The simultaneous presence of submicrometer ferromagnetic metallic and charge ordered and/or
paramagnetic insulating regions observed in some manganese-oxide-based compounds, the Phase
Separation (PS) phenomena, is a major discovery in the study of strongly correlated electron
systems. There are conclusive evidences, both from theoretical and experimental works, showing that
the high values of low field magnetoresistance achieved in PS manganites are due to the unique
possibility of unbalancing the amount of the coexisting phases by the application of low magnetic
fields.
We have studied magnetic and transport properties on different PS compounds: polycrystalline
La5/8-yPryCa3/8MnO3 (y=0.3, grain size 2µm) and La1/2Ca1/2Mn1-zFezO3
(0.02<z<0.05, grain size ~ 0.6µm), both of them synthesized by the liquid mix technique,
and single crystalline
La5/8-yPryCa3/8MnO3 (y~0.35), grown by the travelling floating zone method.
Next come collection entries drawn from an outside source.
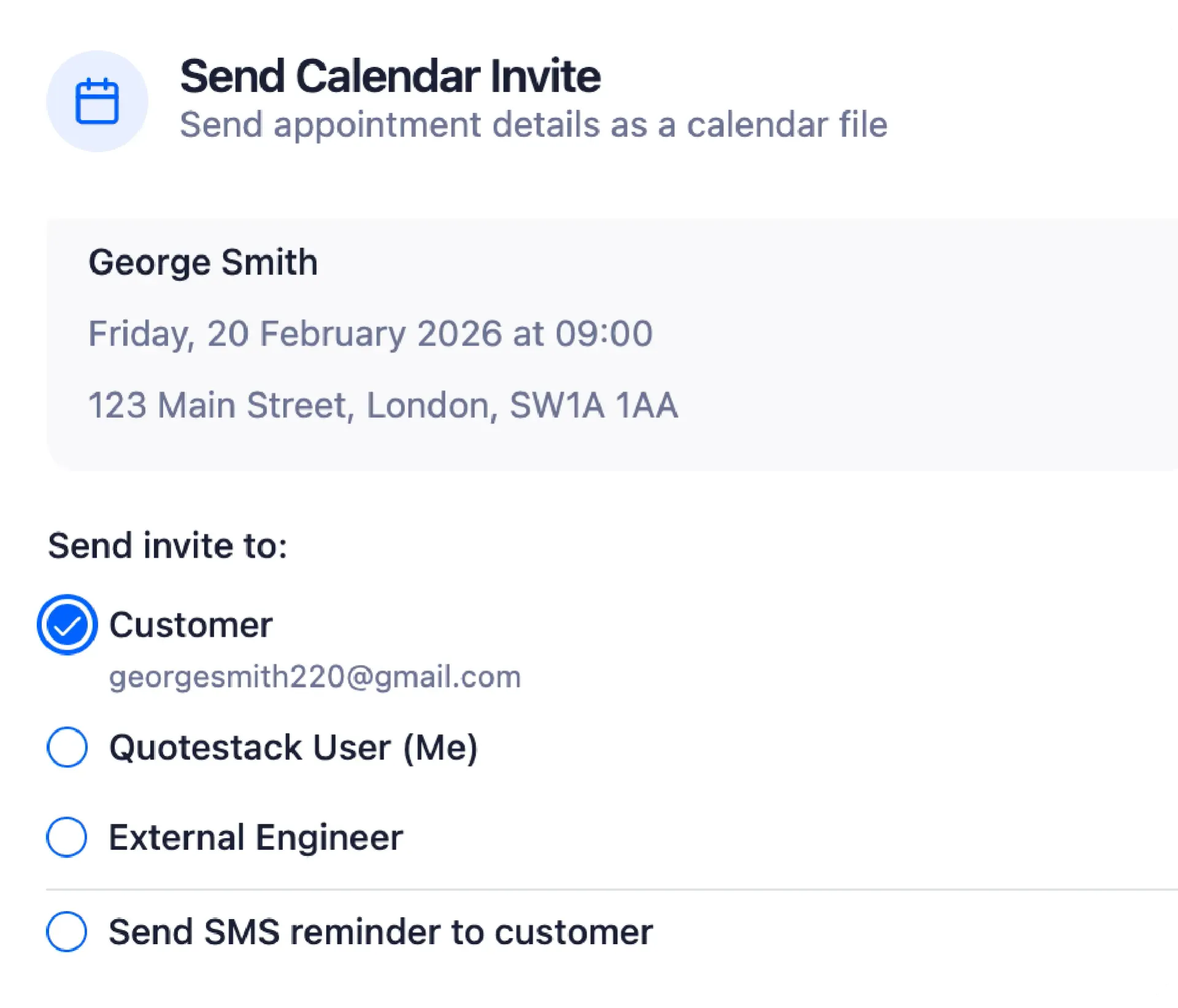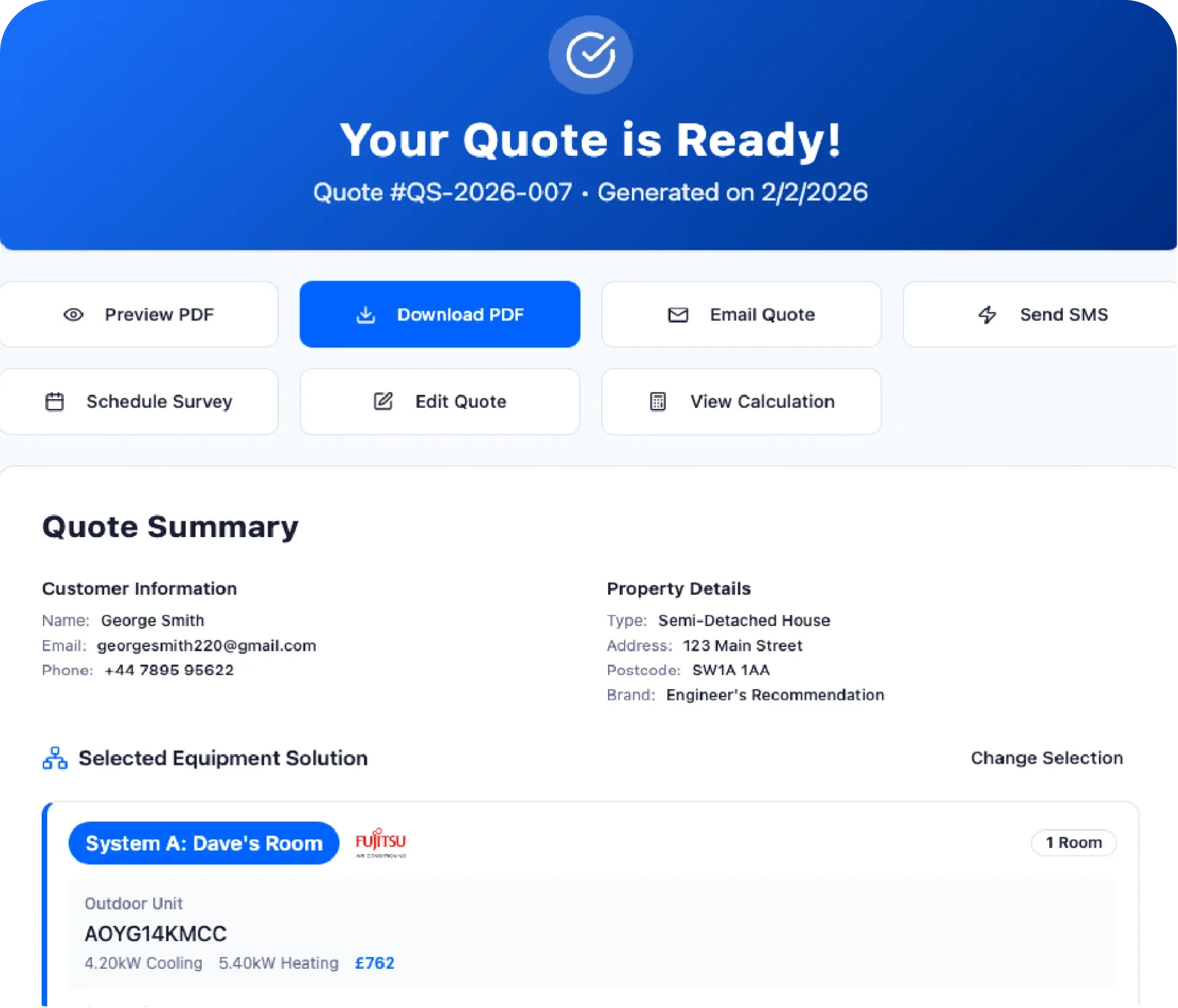 Quotestack supports a “pre-survey quote” approach: the customer receives an estimate, then books a site survey, after which the engineer can revise the quote if needed.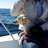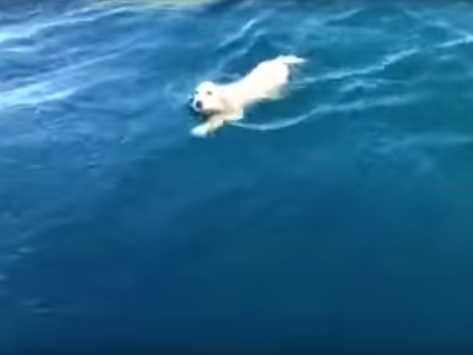 Eine italienische Crew segelt auf offener See, als ihnen plötzlich ein Welpe entgegen schwimmt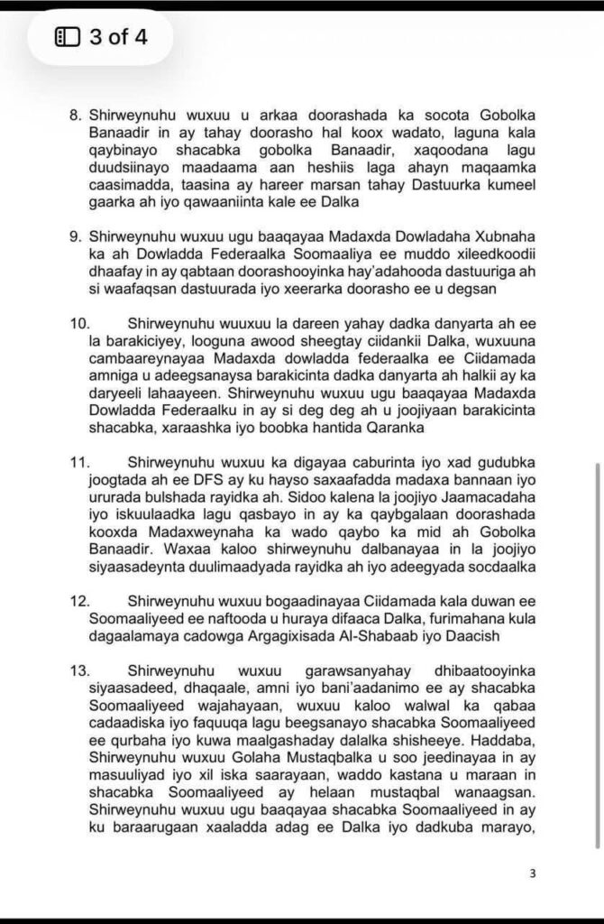 Ugu dambayn, war-murtiyeedku wuxuu ku baaqay diyaarinta wadahadal qaran oo ballaaran oo lagu soo celinayo kalsoonida siyaasadeed, lagu xoojinayo nidaamka federaalka, laguna xaqiijinayo mustaqbal xasilloon oo ay wada leeyihiin dhammaan shacabka Soomaaliyeed.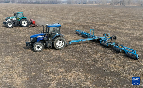 3月25日,播種機(jī)在位于黑龍江省哈爾濱市的北大荒集團(tuán)閆家崗農(nóng)場有限公司一處耕地上根據(jù)設(shè)定程序播種小麥。(新華社記者 王松 攝)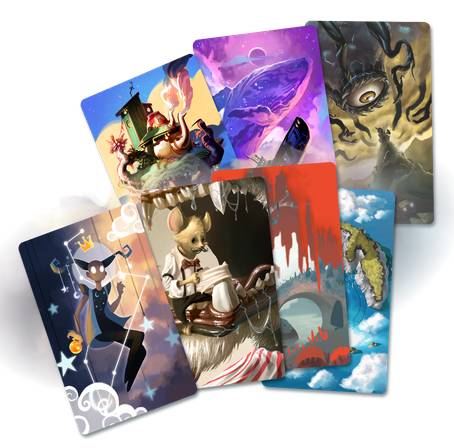 グループをチームに分け、マスターピースカードとインスピレーションカードをそれぞれよく切り山札にします。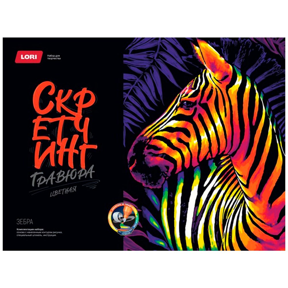 Набор для творчества «Скретчинг. Неоновые животные. Зебра» от бренда LORI понравится не только детям, но и взрослым.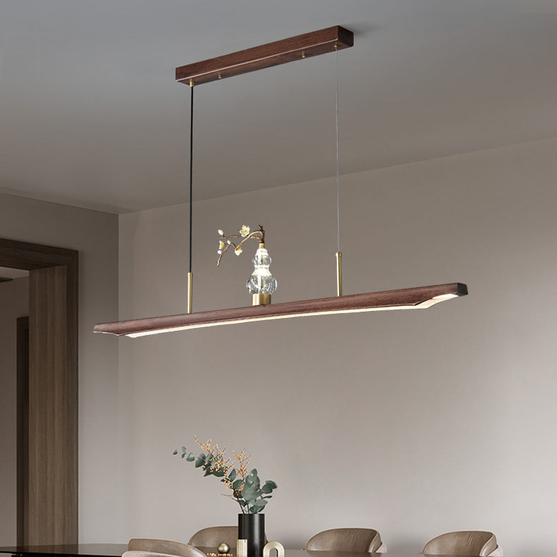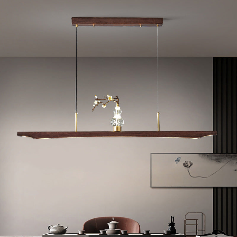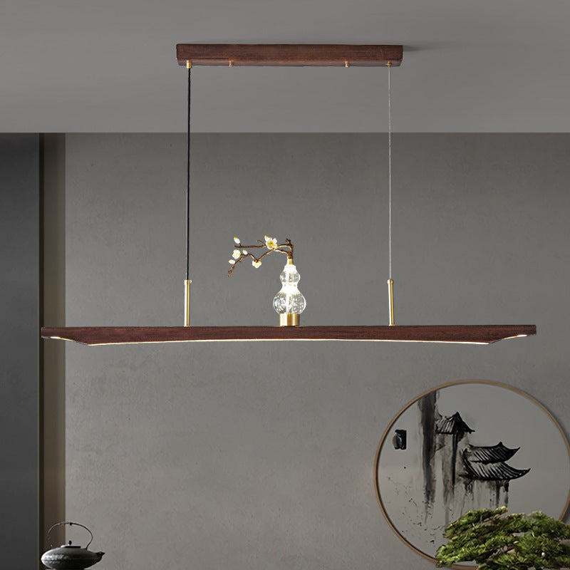 Traditional Chinese Crystal Gourd Ebony Copper LED Chandeliers Island Light For Dining Room
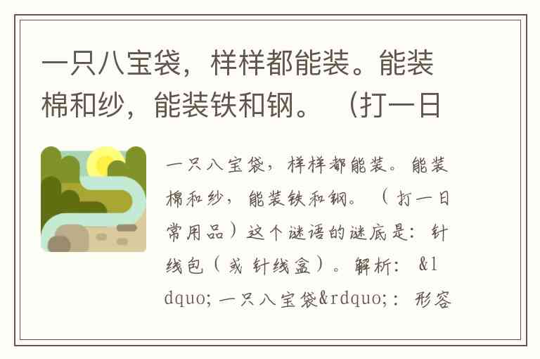 一只八宝袋,样样都能装。能装棉和纱,能装铁和钢。 (打一日常用品)

All the studied compounds exhibit PS features below the ferromagnetic ordering temperature
TC. Pronounced time dependent effects observed close below
TC indicate that the fractions of the coexisting phases are dynamically
changing in this temperature range. As a distinctive fact, we found that different amounts of the
relative phase fractions can be easily tuned by application of low magnetic fields ( < 1 T), an
effect that is persistent after the magnetic field is turned off. This non-volatile memory,
imprinted on the actual amount of the ferromagnetic phase, can be read through transport
measurements.
The effect, which is achieved in a delimited temperature range, is due to the confluence of two
factors. On one hand, the existence of a true PS equilibrium state with definite equilibrium
fractions of the coexisting phases. On the other hand, the slow dynamics displayed by the systems
when they are driven to metastable states by an external stimulii. The fact that the same global
features were found in polycrystalline and single crystalline samples suggests that this effect is
not produced by extrinsic properties related to grain boundaries, but a distinctive feature of the
studied PS compounds.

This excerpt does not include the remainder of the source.